Perhelatan konferensi tahunan terkait perubahan iklim secara simultan direncanakan akan berlangsung di Lima, Peru pada akhir tahun 2014 ini dan akan dikonkretkan pada akhir tahun 2015 di Paris, Perancis.
Salah satu hal penting yang dibicarakan adalah keterlibatan aktif dari para negara berkembang dengan pemilik hutan besar dalam upaya mitigasi emisi secara lebih konkret dan terukur.
Delegasi Republik Indonesia (Delri) sebagai salah satu delegasi negara yang aktif dalam rangka memberikan komitmen, dituntut untuk dapat lebih berpartisipasi secara nyata dalam upaya mitigasi emisi.

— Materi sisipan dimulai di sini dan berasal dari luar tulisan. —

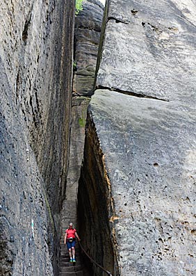 - allerdings durch die etwas bequemere, aber enge und dunkle Falkenschlucht.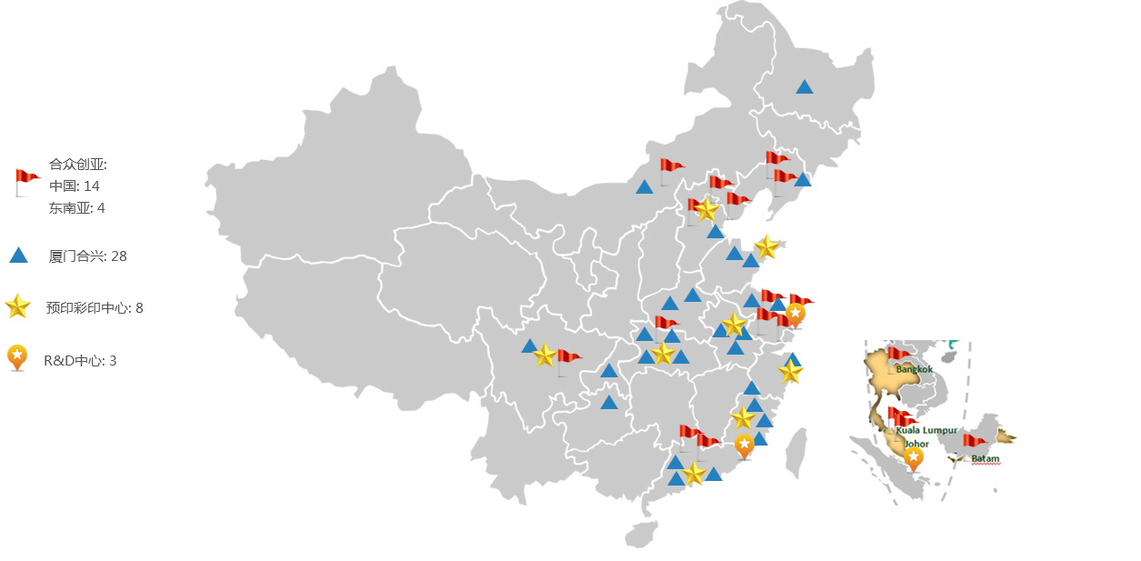 廈門合興包裝印刷股份有限公司,2008年在深交所上市,股票代碼為002228,2016年收購了國際紙業(yè)中國及東南亞的工廠后,總共有46家工廠,現(xiàn)有員工約1萬人,2017年銷售額達(dá)到85億人民幣。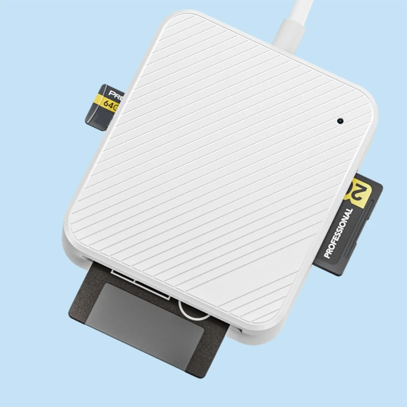 El lector de tarjetas USB tipo C le permite acceder y transferir fácilmente archivos desde las tarjetas de memoria de su cámara a sus dispositivos, ahorrándole tiempo y esfuerzo.

Tak tanggung-tanggung kali ini paling tidak tercatat 6 proposal diajukan oleh Delri dalam pertemuan Conference Of the Parties (COP) di Peru akhir tahun 2014; yaitu Sustainable Transport Programme senilai 31 juta Euro, Smart Street Lighting Initiativesenilai 294 juta dollar Amerika Serikat, Vertically Integrated Municipal Solid Waste senilai 10 juta Euro, Cement senilai 2,063 juta Euro, Community Forest Partnership for Wood Biomass Based Energy senilai 198 juta dollar Amerika Serikat dan Debottlenecking Project Finance for Least Cost Renewables in Indonesia senilai 200 juta Euro.
Keseluruhan proposal ini akan diajukan oleh Delri melalui mekanisme National Appropriate Mitigation Actions (NAMA’s), sebuah mekanisme yang sama pada saat Indonesia pertama kali mencatatkan komitmen mitigasi emisi di tahun 2009 pada forum G-20.

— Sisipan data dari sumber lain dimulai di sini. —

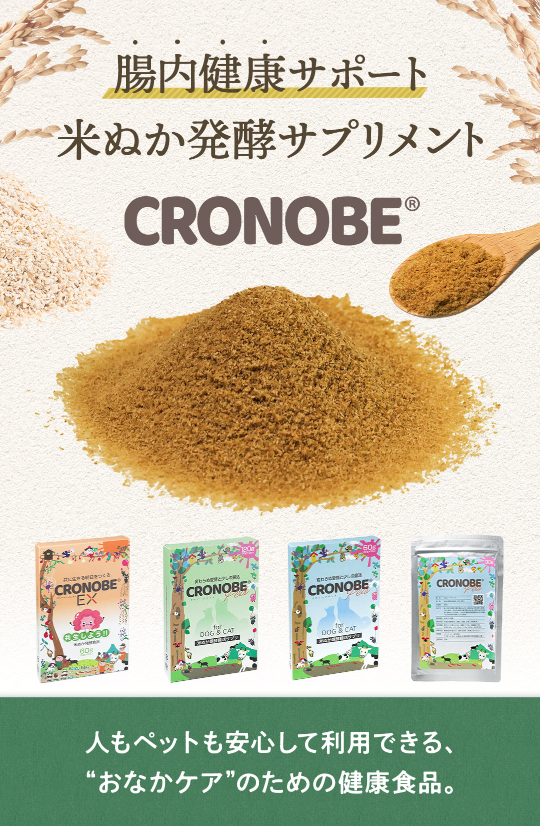 クロノーブは人・動物の腸管内に自然界(土壌)由来のバランスの良い微生物叢を丸ごと補い、増やし腸内環境を自然に近づける米ぬか発酵混合飼料です。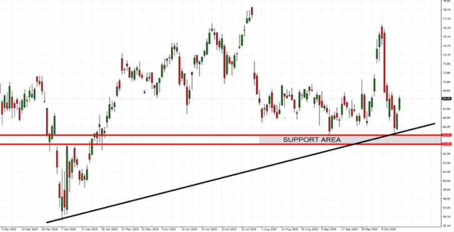 SOPORTE: $65 - $64. El gráfico diario a continuación también nos muestra que las acciones de PayPal han mantenido un área de soporte fuerte entre $65 y $64 desde abril de 2025.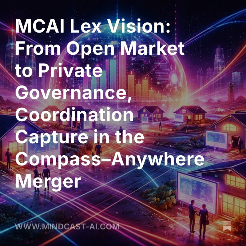 This piece provides a structure‑first antitrust analysis of the Compass–Anywhere transaction, emphasizing consolidation of coordination control points—across brands, agents, and listing flows—rather than immediate commission effects as the primary risk vector. The foresight simulation builds on this by adding explicit multi‑state dynamics, quantitative coordination metrics, and lock‑in probabilities, effectively turning the earlier Lex Vision analysis into a full CDT‑based simulation environment for regulators.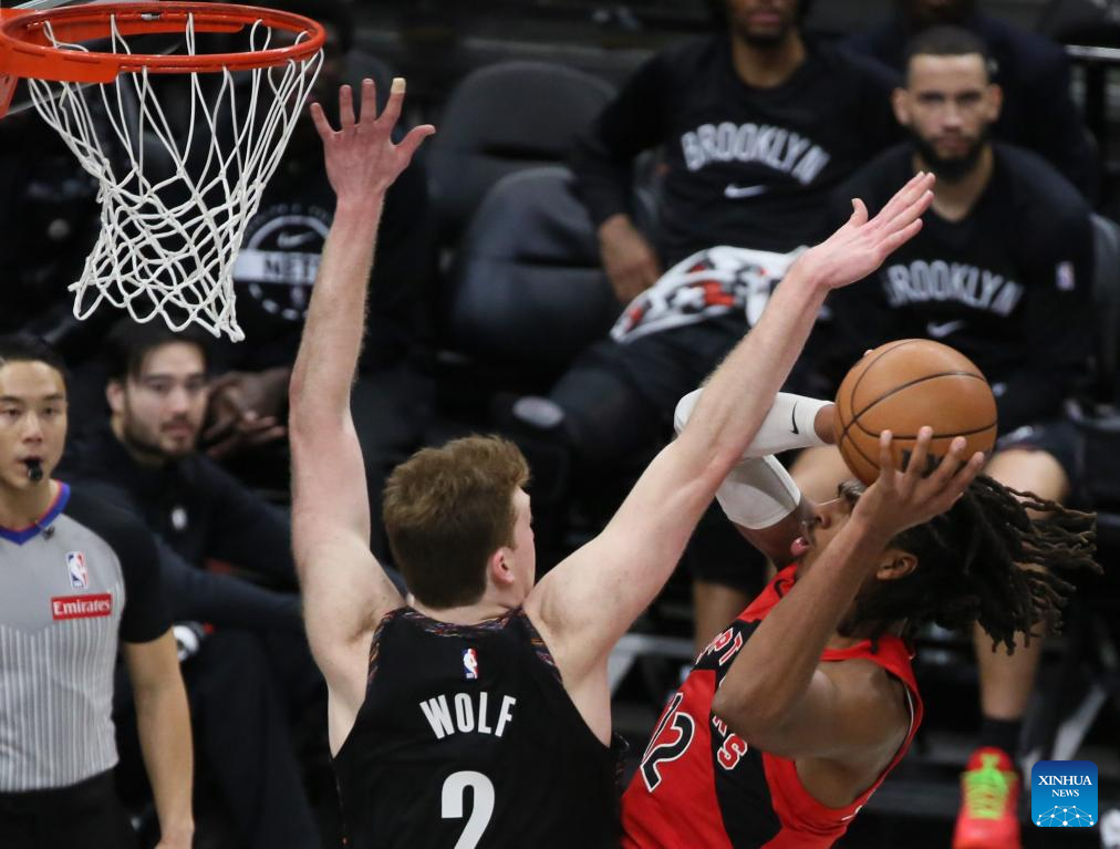 Noah Clowney (1st R) of Brooklyn Nets defends during the 2025-2026 NBA regular season game between Brooklyn Nets and Toronto Raptors in New York, the United States, Dec. 21, 2025. (Xinhua/Zhang Fengguo)

Namun berbagai proposal tersebut terlihat janggal saat komitmen sebelumnya yang diajukan oleh Pemerintah Indonesia yaitu mitigasi emisi secara umum, belum juga membuahkan hasil nyata dan dapat dipertanggungjawabkan secara utuh.
Bahkan beberapa komitmen tercederai dengan fakta yang menunjukkan hasil sebaliknya pada tataran implementasi, misal terkait peningkatan titik api dan laju deforestasi yang menyentuh titik maksimal pada tahun 2013 memberikan kesan buruk terhadap janji yang telah dicatatkan dan mengikat pada sumber hukum internasional tersebut.

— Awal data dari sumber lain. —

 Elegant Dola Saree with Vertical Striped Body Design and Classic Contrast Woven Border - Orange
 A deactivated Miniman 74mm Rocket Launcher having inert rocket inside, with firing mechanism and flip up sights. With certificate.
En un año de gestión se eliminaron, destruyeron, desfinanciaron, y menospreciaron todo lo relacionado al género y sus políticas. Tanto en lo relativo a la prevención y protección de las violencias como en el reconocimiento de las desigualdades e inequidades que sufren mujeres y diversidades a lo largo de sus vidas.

Komitmen dalam kerangka hukum bukan hanya berisi janji dan berada pada ruang hampa semata, namun menuntut adanya realisasi dalam bentuk nyata serta menimbulkan tanggung jawab secara norma dan implementasi.
Proses Lahirnya Komitmen
Sedari awal, rezim perubahan iklim telah membantu dengan melakukan identifikasi beberapa kontributor emisi besar di dunia dan memposisikan mereka sebagai negara-negara yang berkewajiban untuk mengambil langkah mitigasi dengan segera dan terukur.
Walaupun dalam praktiknya kerap kali negara-negara tersebut enggan untuk melakukan ratifikasi dengan langkah hukum pada tataran nasional mereka namun konstruksi ini telah mendudukkan aktor utama yang patut dan wajib diminta pertanggungjawaban terhadap kondisi kerusakan iklim yang terjadi.
Sepanjang perjalanan dari rezim penanggulangan perubahan iklim dan merujuk pada sumber komitmen yang dihasilkan, paling tidak terdapat 2 asal dari komitmen yang hadir yaitu pendekatan berbasis sebuah peraturan internasional seperti yang diusung dalam Protokol Kyoto atau yang lebih dikenal dengan model top-down.
Kedua adalah model dengan basis inisiatif dari negara yang memang sebelumnya tidak terikat kewajiban apapun terkait dengan tindakan tertentu atau yang dikenal dengan pendekatan bottom-up seperti yang diberikan wadah pada mekanisme National Appropriate Mitigation Actions (NAMA’s).